Юрий Оклянский - Оставшиеся в тени
В тетради Александры Леонтьевны, содержащей «Заметки и материалы» с 1894 по 1897 год, есть запись — «Лелины стихи». Под ней рукой Александры Леонтьевны переписана «ода», посвященная 12-летним А. Толстым своему учителю Аркадию Ивановичу Словохотову[6] и датированная 3 ноября 1895 года. Это шутливое стихотворное послание Аркадию Ивановичу, видимо, надолго, если не навсегда, уехавшему с хутора, в то время как сосновский пруд замерз и на нем отличное катание, по поводу чего «одописец» и высказывает всяческую скорбь:
Увы, наш лед уже не гладит
Твоя могучая метла.
И полосы на нем не режет
Стальной конек…
Кончается эта довольно длинная «ода» весьма любопытно:
Нижайше кланяюсь.
Твой ученик.
Ужасно толстенький
И озорник.
«Член собрания сосновских конькобежцев А. Бостром. Написано по вдохновению. Бывшему председателю сосновских конькобежцев Аркадию Словохотову. 1895 г. 3 ноября. Пятница».
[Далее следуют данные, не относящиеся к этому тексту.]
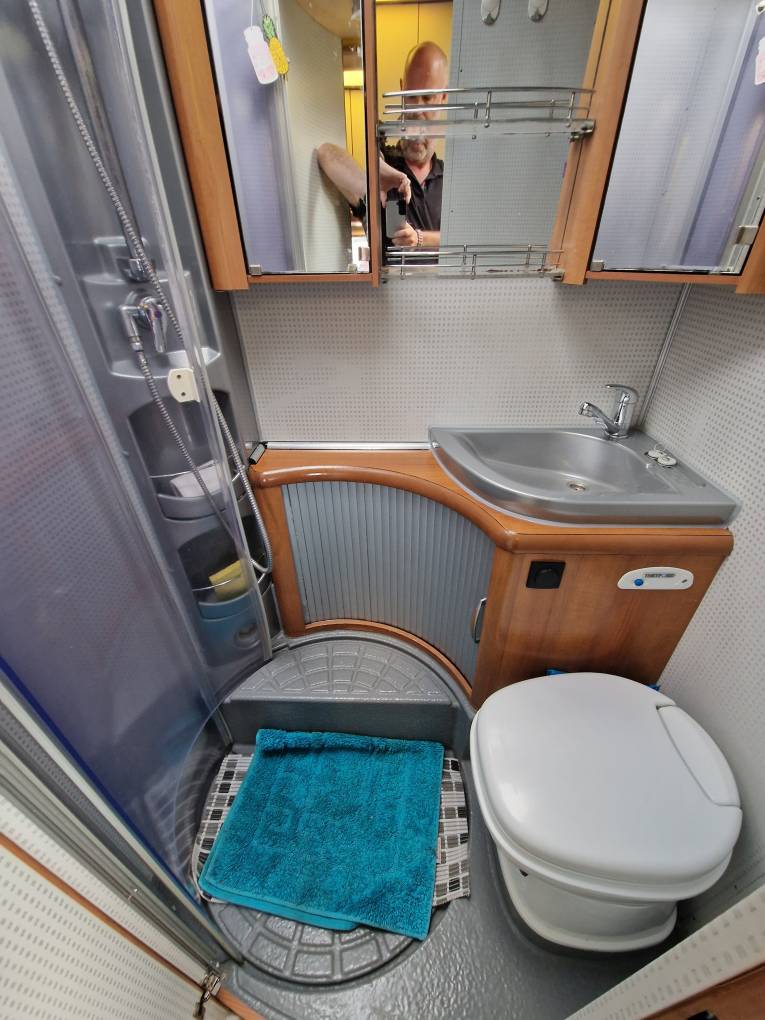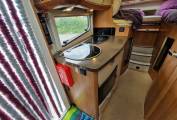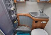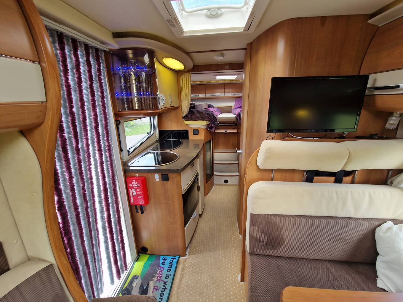 The central kitchen area enjoys a large fridge freezer, 3 gas burner stove and a sink with mixer tap. Opposite is an attractive washroom comprising sink, Thetford toilet and shower cubicle.

Эти корявые, озорные строчки, посвященные 12-летним мальчиком своему плохому репетитору, но зато простецкому и задушевному приятелю семинаристу Аркадию Словохотову, и есть первое дошедшее до нас произведение Алексея Николаевича Толстого.
К вопросу о «тухлой солонине»
В середине 1908 года Толстой переживал свои первые литературные «триумфы». В близком по времени письме, оглядываясь назад, он признавался отчиму: «Словом, учитывая теперь прошлое, вижу, что ни одно слово ваше не прошло, не заложив во мне следа, не было толчка, который я бы не признал полезным. Всем, что я достиг, я обязан твоему и маминому воспитанию».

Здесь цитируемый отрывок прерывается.